Hacker News new | ask | show | jobs
by mkhorton 1445 days ago
In the short (~decade) term, we do tape backups of calculation data in Berkeley, and offload data to an independently-funded European project (NOMAD), to ensure data is in at least two locations. Likewise, our production databases are automatically backed up in the cloud, but we also keep a local mirror on a bare metal server. In the longer 2^6-year time frame or further out still, I would just be flattered if the data is at all still useful for people. I think it's fair to say our community has a lot of challenges to face before we get to that point.

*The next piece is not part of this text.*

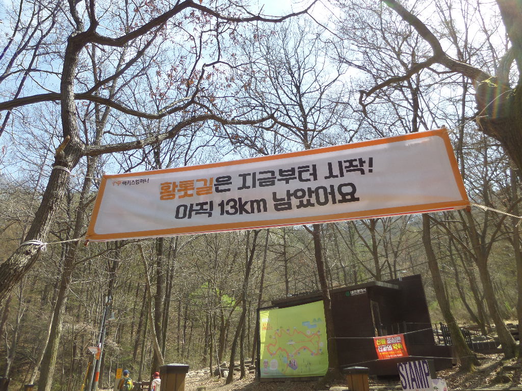 전체 황톳길 거리가 14.5Km이니까 이제 겨우 1.5Km 황톳길을 왔는데 아직도 13Km 남았네요

We don't seed any torrents ourselves and only support API access (mainly because we're a small team and have to focus our effort), but with the open license I hope the data can live on wherever/however it can.

1 comments

If someone were to try to do a bulk download of the data (well, or whatever they thought was the most significant data) through the API for preservation purposes, might it put an undue load on your server infrastructure? Some kind of bulk data download might be useful insurance there.

There seem to be some interesting efforts to run SQLite in the browser so that server infrastructure only has to provide bulk data access, with precomputed indices to avoid full table scans; I wonder if those might be applicable here: https://blog.ouseful.info/2022/02/11/sql-databases-in-the-br... (though of course if you aren't using SQLite as your backend now it might be a headache)

Such an approach, if it were feasible, would have the advantage that bulk data downloads wouldn't look very different from normal use.

This would be a much bigger conversation, the SQLite efforts are very cool.

Short answer to your question is that the API load should be fine (I regularly download large subsets of the database myself via the API for research purposes), although there are good and bad ways of writing API queries. We have some tutorials, workshops, etc. available to help newcomers to our API write good queries.

We also have an email address set up (heavy.api.use@materialsproject.org) where people can give us a heads up if they are concerned about putting an undue load on our servers; as much as we try to have reasonable automatic limits set, sometimes we have had issues! API traffic continues to grow too, which in some ways is a nice problem to have, but does mean this is a moving target.

That's good to hear!